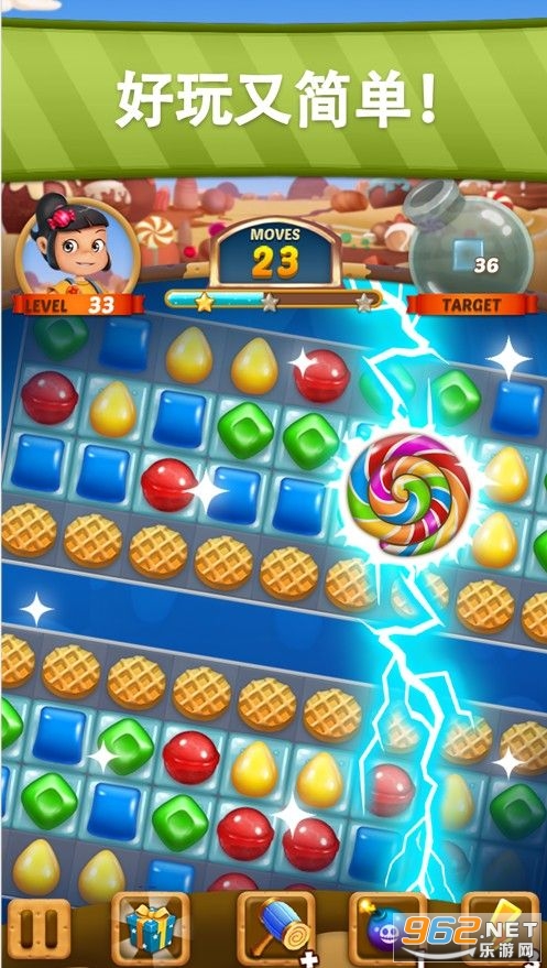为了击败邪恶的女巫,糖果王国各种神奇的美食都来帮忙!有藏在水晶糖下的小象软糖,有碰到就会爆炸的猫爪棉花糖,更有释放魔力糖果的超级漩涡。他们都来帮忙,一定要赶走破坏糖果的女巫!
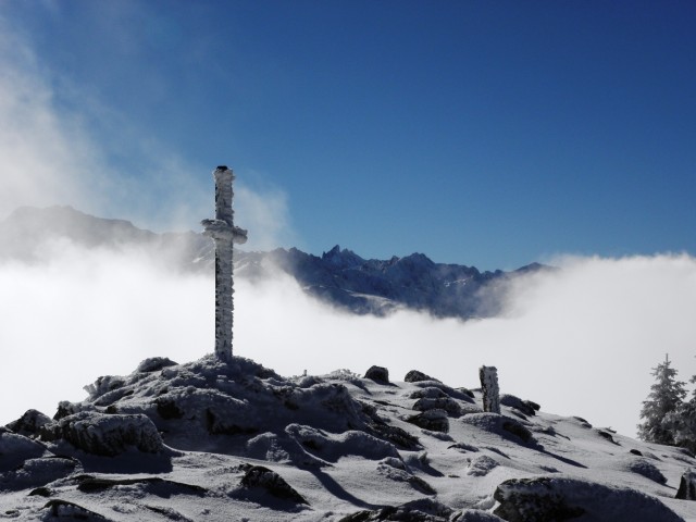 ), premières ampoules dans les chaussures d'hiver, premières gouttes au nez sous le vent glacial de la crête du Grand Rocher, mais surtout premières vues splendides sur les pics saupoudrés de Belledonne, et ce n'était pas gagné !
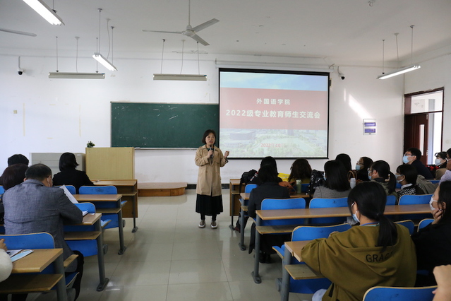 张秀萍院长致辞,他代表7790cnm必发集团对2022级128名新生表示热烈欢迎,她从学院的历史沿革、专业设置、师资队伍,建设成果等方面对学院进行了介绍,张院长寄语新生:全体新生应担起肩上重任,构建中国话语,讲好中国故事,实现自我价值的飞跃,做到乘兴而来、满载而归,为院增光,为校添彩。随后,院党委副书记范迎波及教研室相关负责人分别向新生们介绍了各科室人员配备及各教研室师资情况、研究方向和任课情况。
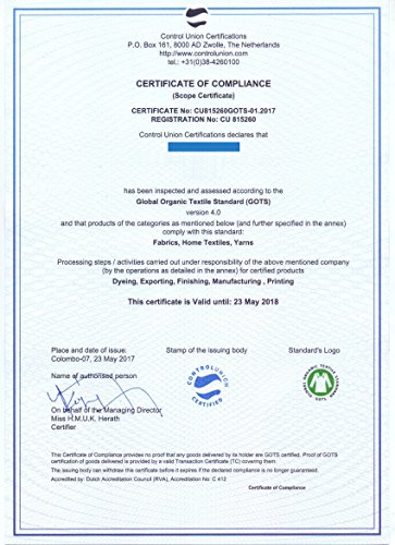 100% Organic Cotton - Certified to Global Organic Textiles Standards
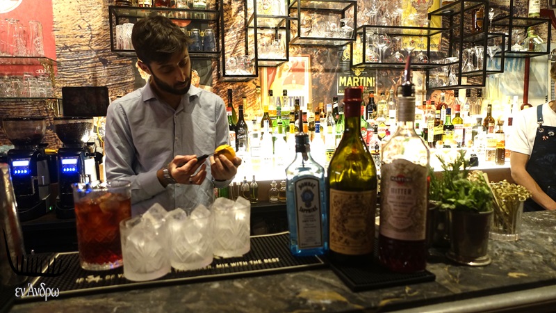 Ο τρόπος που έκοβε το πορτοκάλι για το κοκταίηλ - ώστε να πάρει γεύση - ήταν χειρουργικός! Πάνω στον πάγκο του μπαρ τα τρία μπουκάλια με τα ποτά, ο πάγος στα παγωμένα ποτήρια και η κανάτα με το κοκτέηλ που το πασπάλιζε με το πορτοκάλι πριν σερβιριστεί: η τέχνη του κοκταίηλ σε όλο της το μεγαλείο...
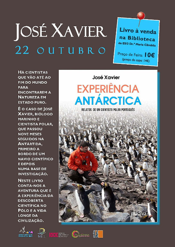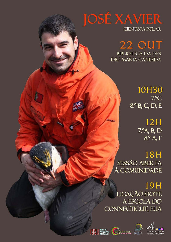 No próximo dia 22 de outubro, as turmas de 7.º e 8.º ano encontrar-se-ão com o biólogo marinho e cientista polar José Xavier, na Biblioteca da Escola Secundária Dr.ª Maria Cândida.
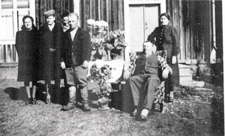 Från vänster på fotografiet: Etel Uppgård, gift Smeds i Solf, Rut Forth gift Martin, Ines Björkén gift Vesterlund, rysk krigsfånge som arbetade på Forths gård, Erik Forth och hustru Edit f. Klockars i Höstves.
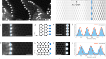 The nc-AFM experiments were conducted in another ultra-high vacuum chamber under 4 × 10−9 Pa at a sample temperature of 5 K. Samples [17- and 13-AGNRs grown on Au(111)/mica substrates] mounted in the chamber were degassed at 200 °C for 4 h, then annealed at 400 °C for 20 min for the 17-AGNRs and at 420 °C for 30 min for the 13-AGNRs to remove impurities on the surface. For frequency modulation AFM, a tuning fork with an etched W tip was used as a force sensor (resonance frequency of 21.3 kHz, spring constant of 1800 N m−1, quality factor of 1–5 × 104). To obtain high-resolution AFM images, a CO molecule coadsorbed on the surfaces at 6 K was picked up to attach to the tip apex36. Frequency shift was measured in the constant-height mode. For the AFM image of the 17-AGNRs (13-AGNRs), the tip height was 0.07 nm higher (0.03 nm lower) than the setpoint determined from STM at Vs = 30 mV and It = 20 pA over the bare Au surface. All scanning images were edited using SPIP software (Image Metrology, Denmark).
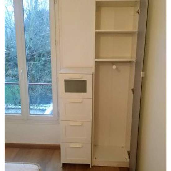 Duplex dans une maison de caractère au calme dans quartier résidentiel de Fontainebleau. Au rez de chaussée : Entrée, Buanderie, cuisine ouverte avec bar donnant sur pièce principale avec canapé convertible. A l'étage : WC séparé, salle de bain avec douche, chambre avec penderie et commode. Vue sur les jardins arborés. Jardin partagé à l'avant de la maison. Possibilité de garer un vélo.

•••••

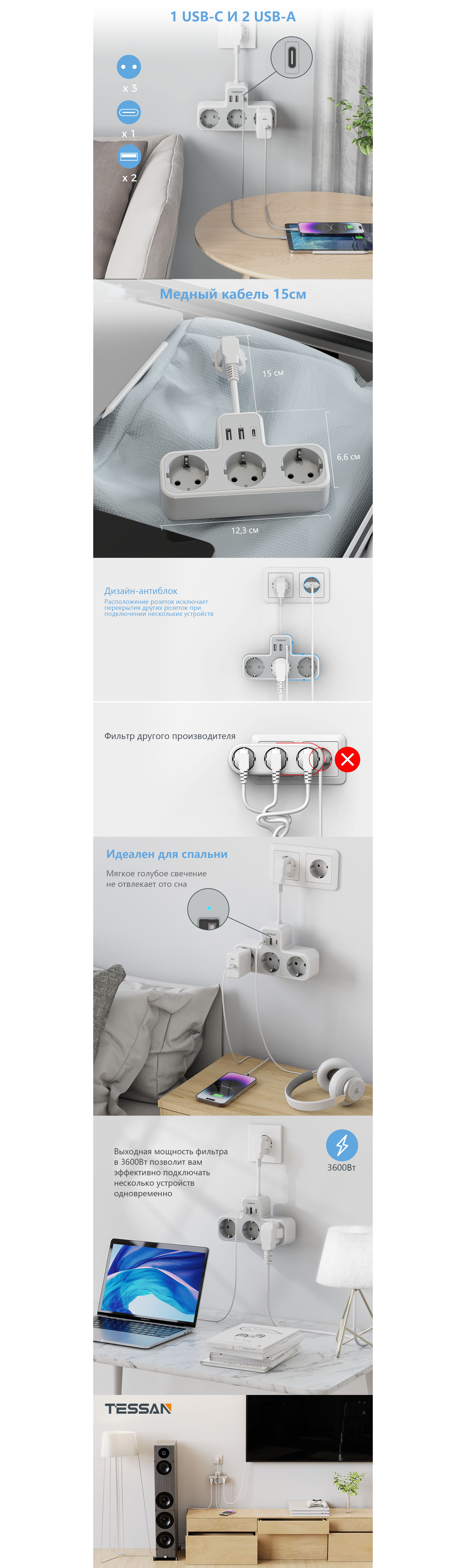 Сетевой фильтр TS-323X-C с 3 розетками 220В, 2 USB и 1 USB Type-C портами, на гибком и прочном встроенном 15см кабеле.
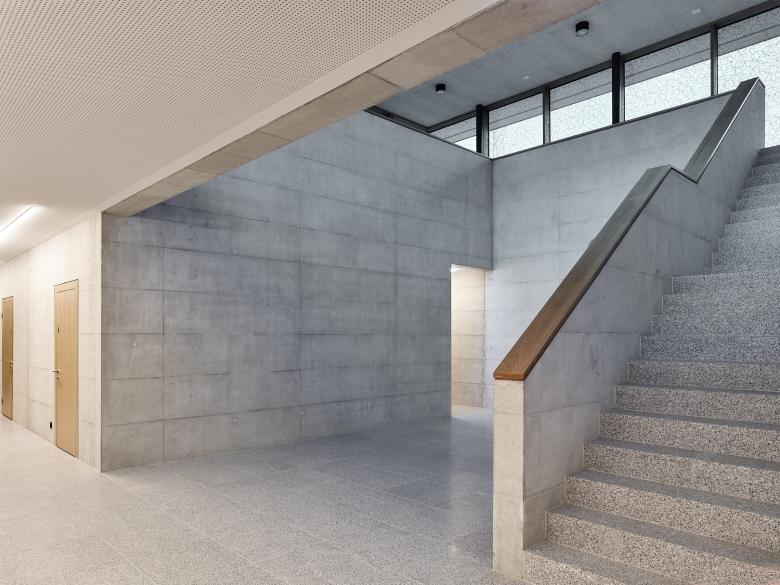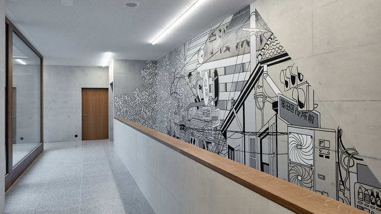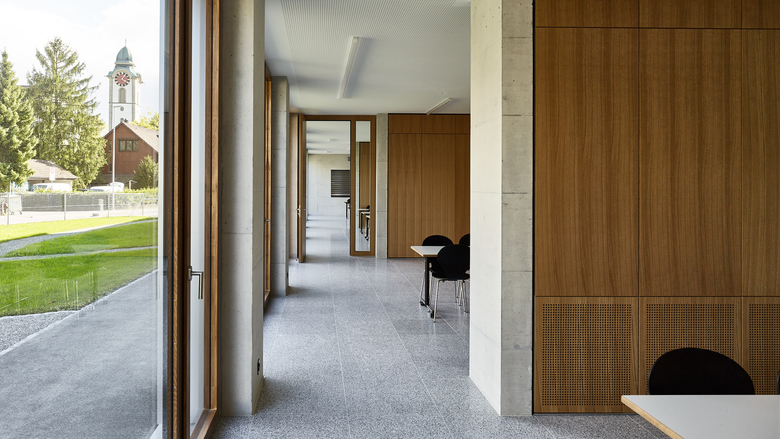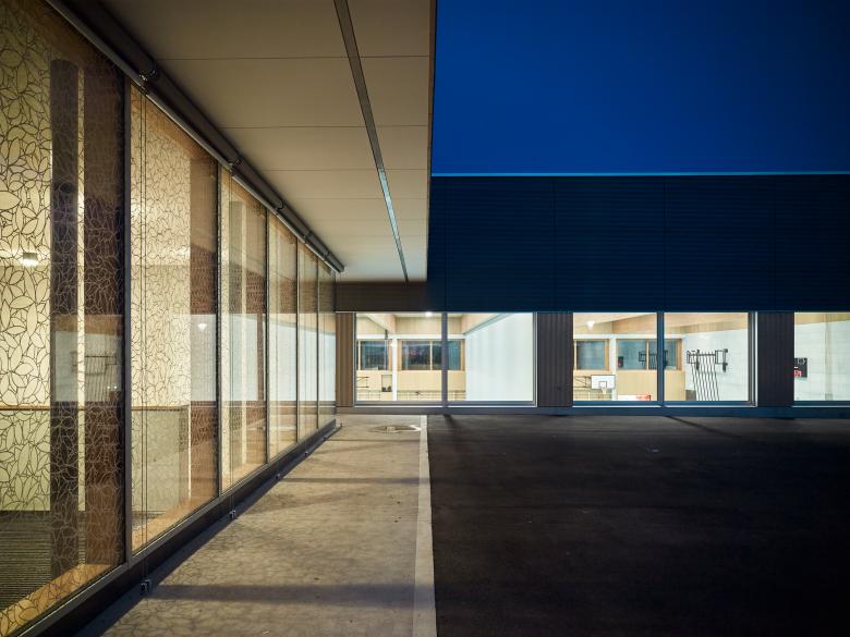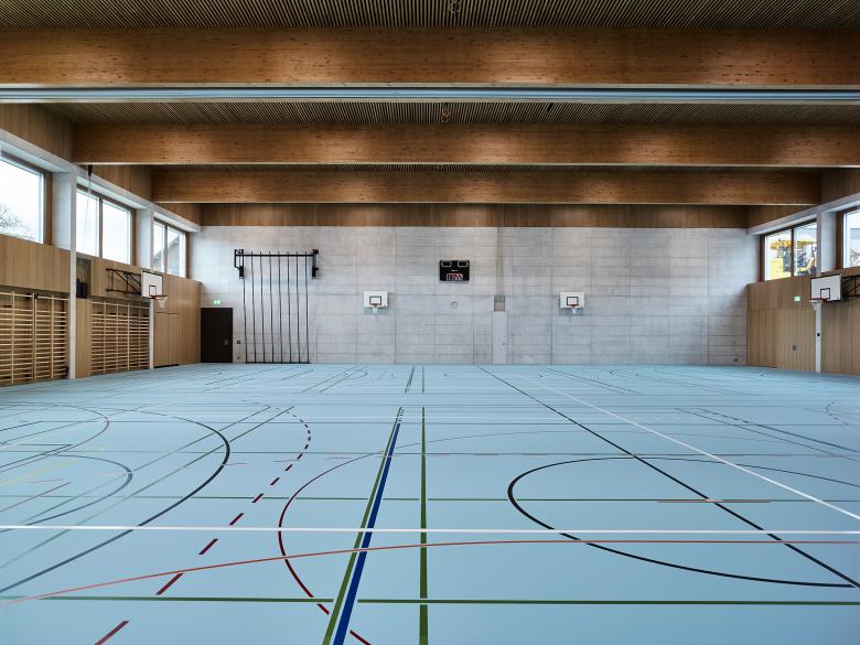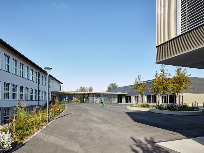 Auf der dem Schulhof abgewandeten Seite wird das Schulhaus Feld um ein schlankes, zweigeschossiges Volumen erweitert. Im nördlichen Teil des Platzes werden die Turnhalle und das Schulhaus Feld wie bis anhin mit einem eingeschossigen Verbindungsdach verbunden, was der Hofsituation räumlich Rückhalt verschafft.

•••••

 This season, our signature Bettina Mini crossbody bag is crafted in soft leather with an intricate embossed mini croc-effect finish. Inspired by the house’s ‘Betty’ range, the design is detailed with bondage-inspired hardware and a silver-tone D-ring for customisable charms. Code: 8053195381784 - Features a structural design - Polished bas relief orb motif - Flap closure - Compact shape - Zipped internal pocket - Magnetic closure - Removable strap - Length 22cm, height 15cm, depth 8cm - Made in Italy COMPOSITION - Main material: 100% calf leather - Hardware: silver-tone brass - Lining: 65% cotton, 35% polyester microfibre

•••••

■ WHAT THE TASK ASKS ■
The material above holds pictures; leave them out. Repeat exactly the lines from the one containing "张秀萍院长致辞,他代表779" through the one containing "Ο τρόπος που", and nothing else.

■ FINAL ANSWER ■
 张秀萍院长致辞,他代表7790cnm必发集团对2022级128名新生表示热烈欢迎,她从学院的历史沿革、专业设置、师资队伍,建设成果等方面对学院进行了介绍,张院长寄语新生:全体新生应担起肩上重任,构建中国话语,讲好中国故事,实现自我价值的飞跃,做到乘兴而来、满载而归,为院增光,为校添彩。随后,院党委副书记范迎波及教研室相关负责人分别向新生们介绍了各科室人员配备及各教研室师资情况、研究方向和任课情况。
 100% Organic Cotton - Certified to Global Organic Textiles Standards
 Ο τρόπος που έκοβε το πορτοκάλι για το κοκταίηλ - ώστε να πάρει γεύση - ήταν χειρουργικός! Πάνω στον πάγκο του μπαρ τα τρία μπουκάλια με τα ποτά, ο πάγος στα παγωμένα ποτήρια και η κανάτα με το κοκτέηλ που το πασπάλιζε με το πορτοκάλι πριν σερβιριστεί: η τέχνη του κοκταίηλ σε όλο της το μεγαλείο...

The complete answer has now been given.